銀座で中国人の目につくのは、中国の家電メーカー「海爾」(ハイアール)の大きな広告や決済サービスの「銀聯」(UnionPay)が使えるというシグナルのほか、中国人観光客が訪れる商店の近くで無料のWi-Fiが必ず使えることだ。中国人は、場所も時間も問わず、いつも「微信」で連絡を取り合っている。
各種のデータによると、「微信」のユーザーはすでに6億人を超え、世界の200以上の国・地域をカバーしている。使える言語も20種以上に及び、日本語も当然含まれる。隣国同士である中国と日本との関係は深く、大量の日本人が中国で働いており、中国から日本への観光客は今年通年で300万人を超えるとされる。これらの人々が日本で「微信」を使えば、「微信」や「WeChat」が新たなブランドとして日本で影響力を持つ日は近い。

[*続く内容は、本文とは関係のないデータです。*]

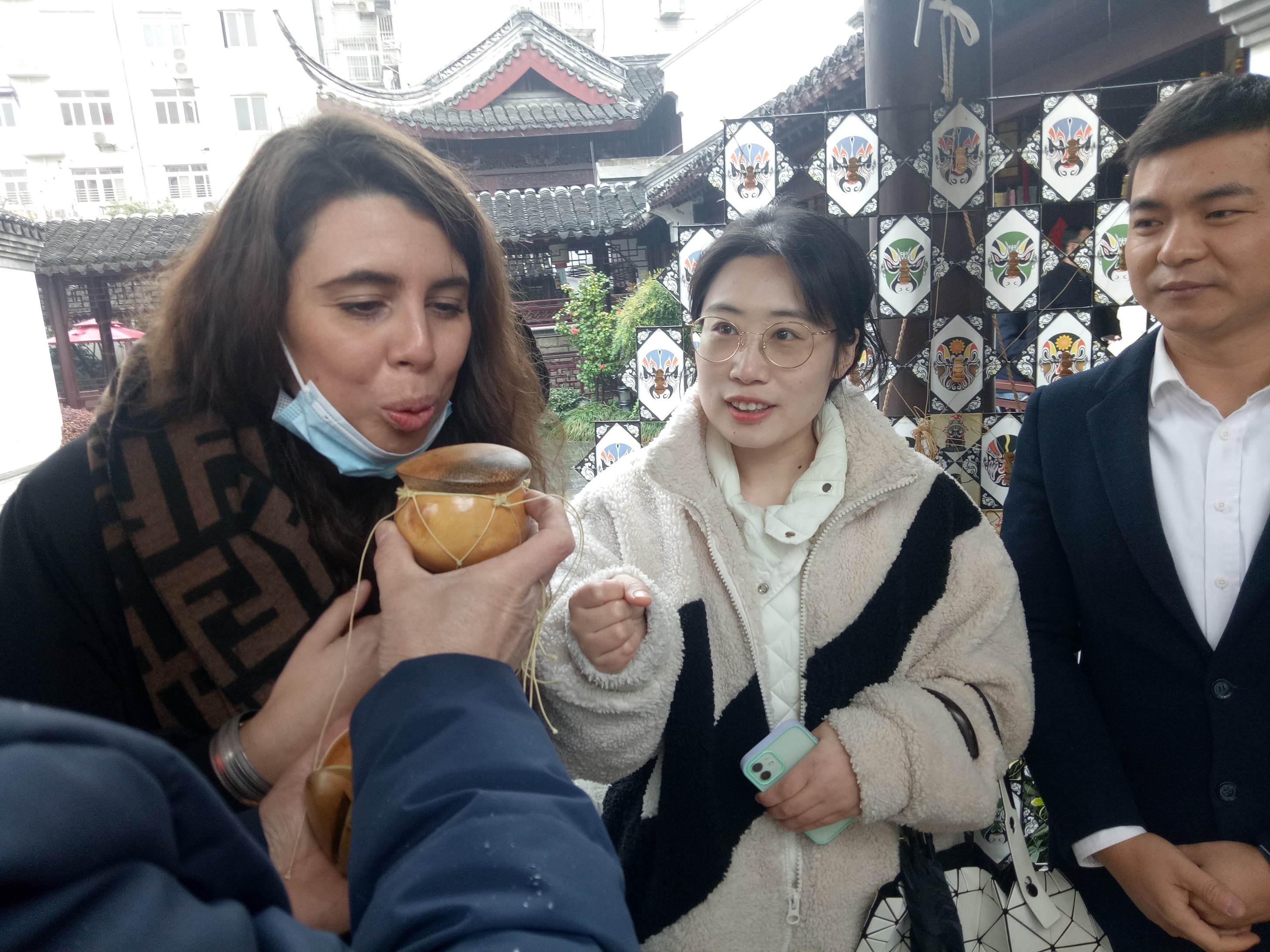 在專業講解員帶領下,外國友人們沿著庭廊參觀了板鷂風箏、面塑、糖畫、棕編、剪紙、香袋等一系列南通非遺文化手工藝品。“嗖嗖嗖……”板鷂風箏傳承人姚春華正用手機錄音向外國友人展示板鷂風箏的獨特聲音。風吹有聲,如箏鳴響,這種起源于北宋年間的南通傳統手工藝品吸引了不少外國友人。聽聞這種風箏被稱為“會唱歌的風箏”,來自意大利的南通大學藝術學院意大利語老師周佳(中文名)直呼:“很棒!很開心!”在剪紙藝人李海烽的展示區,外國友人見識了他的新作品新春生肖圖,千年文化、折疊的紅影和鏤空情思凝固在方寸之間,讓外國朋友駐足仔細觀賞,時不時嘖嘖贊嘆。

日本人は現在、同様のサービスで「LINE」を使っている人が多い。ニュースサイト「J-CAST」役員の熊田伸氏も「LINE」ユーザーの一人だ。だが熊田氏によると、「LINE」はサービス面で「微信」よりも遅れているところが多いという。「『微信』には公共アカウントや支払いサービスなどがある。サービス内容から言えば、中国はモバイル通信の分野で世界の先頭を行っている」と熊田氏は指摘する。日本では金融制度がかなり細かく発展しており、モバイル通信の応用にあたっては制度的に乗り越えなければならない問題が多い。モバイル機器での支払いで現在の金融面での制限を突破するのは容易なことではない。